I would say black students in America are the ones who need to do something about that. They are human beings who can make different choices aren't they?
clearly, these low graduation rates are NYPD's fault.
lets' recap
a)according to crime victims (who are disproportionately minority btw), blacks commit substantially more part I and part II crime in NYC.
b) NYPD stops blacks disproportionately to their representation in the population, but proportionately to their crime occurrence rate AS measured by those crime victims above. ditto for gender disparity.
this is clearly RACISM
C)blacks don't graduate nearly as often as whites.
this is PARENT's fault, and the kids fault
clearly no institutional problem there
note the interesting dichotomy
note : there are disparities in demographics. in all sorts of things
the disparity in oow birth rates, for example are also extremely large
the disparity in armed robbery rates between men and women are extremely large
but clearly it's RACISM when one of those disparities is considered, even though (again) the stop rates correlate nearly perfectly with the offender rates PER crime victims (not cops)
this is a great example of how metanarrative determines how you look at things
the left, who ALSO blames racism for a large part of the graduation disparity points to differing suspension rates , in class discipline rates, etc. because it must be racist teachers who are TREATING certain race kids differently .
the reasonoids don't buy THAT racism argument , but they buy the cop one
I got no problem with your argument. It seems like smart policing to me. I would venture to say that NYPD is not doing stop and frisks on 53 year-old black guys, sporting $3000 worth of Hugo Boss, walking into The Four Seasons on East 52nd St. for a corporate lunch. Instead, they are stopping young blacks wearing the "uniform" of thugs. Shit, I live in Long Beach, CA and I can tell who the good guys are from the bad guys. I would hope a cop can, too.
You would hope, but would be wrong to do so. First rule of police work, Cover Your Ass.

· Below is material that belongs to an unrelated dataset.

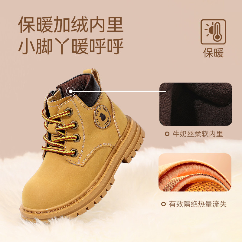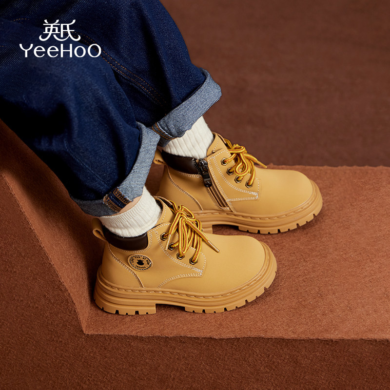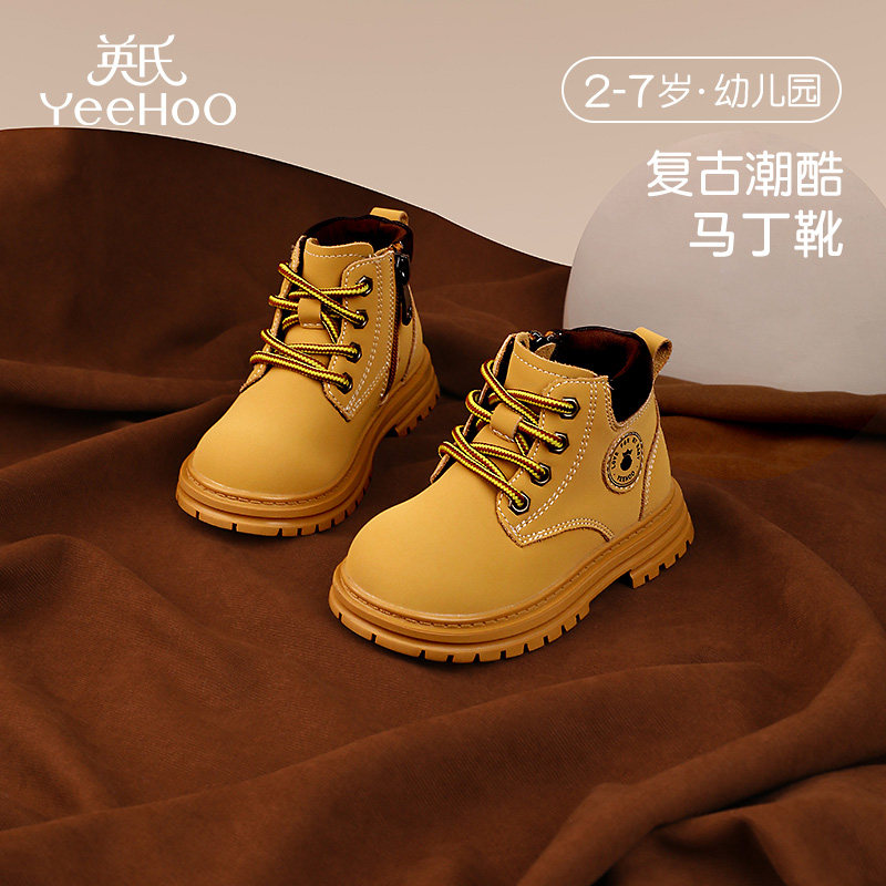 英氏童鞋儿童马丁靴男童新款冬季女童加绒鞋子小童短靴宝宝靴子

Oh shut the fuck up, asscunt.
Ding! I don't need to do anything about black teenagers graduation rates, or asian, hispanic, white, or martian teenagers graduation rates.
If you want to start proposing some ways to get the federal government in particular and governments in general out of the education business, I'm all for it. But if graduation rates are a problem, maybe parents need to step up and take some responsibility for their offspring.
Maybe we need to quit warehousing people for 12 years and start pushing tehm out a little earlier, kind of like the Brits do.
Their platform sounds exactly like I expect the next 10 years of my life to be.
Isn't this gonna create something of a dead sea effect? If you're job security and pay is dependent on student performance, are you going to want to teach the honors track, the regular track, or the basic skills track? So the kids who most need superior teachers (the ones lagging behind) end up with the worst teachers.
Yes, this is one of the problems that Unions point to with frequency.
Funny how they never point to that rubber room thing.
Ah right, I keep forgetting there are only two positions on any given issue, so any criticism of Red Team's position must mean you support Blue Team's position.
Didn't we already point out that they ignore their platform?
"Isn't this gonna create something of a dead sea effect? If you're job security and pay is dependent on student performance, are you going to want to teach the honors track, the regular track, or the basic skills track? So the kids who most need superior teachers (the ones lagging behind) end up with the worst teachers."
Depends on how performance is measured and if you maintain that there should be different tracks.